Trois années plus tard, ses parents achètent un téléviseur, en noir et blanc, évidemment : "et un dimanche après-midi, je vois Sheila chanter et danser sur un morceau qui sera mon préféré, Le folklore américain. J'imitais mon interprète favorite en montant sur la table, devant mes proches ; les invités me demandaient de leur faire Sheila, et je n'hésitais pas ; j'avais perdu mon côté sombre, renfermé…."
Jocelyne se souvient d'une autre anecdote : "je grandissais avec Sheila à tel point que je disais à mes copines qu'elle était ma marraine ! Jusqu'à ce qu'une des filles sonne à notre porte pour demander si c'était vrai. Et maman a joué le jeu, répondant positivement. Du coup, elles ne m'ont plus jamais embêtée."

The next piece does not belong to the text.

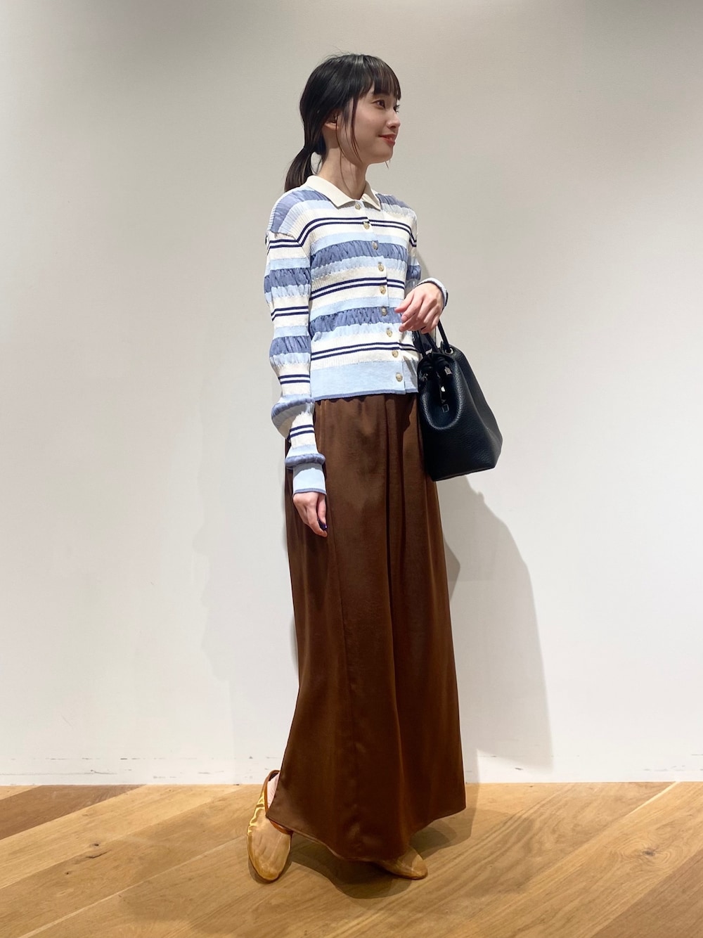 ●サイズ感 ニット 春らしいカラーがかわいい!体の薄さが気になりにくい肉感の生地なので、小柄さんも着やすいニットです❤︎ スカート Sサイズでウエストとスカート丈がちょうどよかったです。 サンダル サンプルのため、普段サイズより大きめのサイズを履いています。 ●コーディネートポイント ブラウン系のスカートを合わせて大人カジュアルスタイルに。襟付きのニットは、首元に奥行きを見せることができ、きれいめな印象も見出してくれる便利なアイテムです。 ●Instagram かわいい×上品の大人フェミニンの着こなしが得意で、たくさんのときめきをお届けしております🎀ぜひチェックしてみてくださいね。 アカウント: sasahara_ua

Son premier concert à vingt-huit ans
La Frasnoise comprend ceux qui, à l'époque, préféraient écouter Ces gens-là, La mauvaise réputation ou Göttingen plutôt que de la "variété" : L'école est finie, Vous les copains, Pendant les vacances…, soit "des chansons festives, pour la plupart, mais qui étaient parlantes pour moi. Puis, avec le temps, j'ai apprécié l'ensemble de la chanson française et sous tombée sous le charme de Juliette Gréco, que j'ai vue cinq ou six fois en concert." Comme de nombreux autres artistes d'ailleurs.
Pour Sheila (qui, exténuée par sa tournée de 1964, a arrêté de se produire sur scène pendant 21 ans – avant une deuxième période d'interruption de dix ans en 1989), elle avait dû attendre 1985 : "on a bien failli rater le concert à Forest national. L'employée de l'agence de voyages pensait que la représentation avait lieu le lendemain et a dû faire appel en urgence à un chauffeur qui était chez lui." Un grand souvenir : "quand nous sommes rentrés chez nous, j'ai dit à mon époux : "maintenant je peux mourir, j'ai réalisé mon rêve". Il n'a pas trouvé ça sympa ! mais c'est vrai que je ne croyais jamais voir Sheila en chair et en os, ou qu'elle viendrait un jour à Bruxelles. Pour moi, Paris, c'était le bout du monde…"
Depuis, les choses ont bien changé : quelque 150 dates ont suivi et Jocelyne a sillonné la France entière.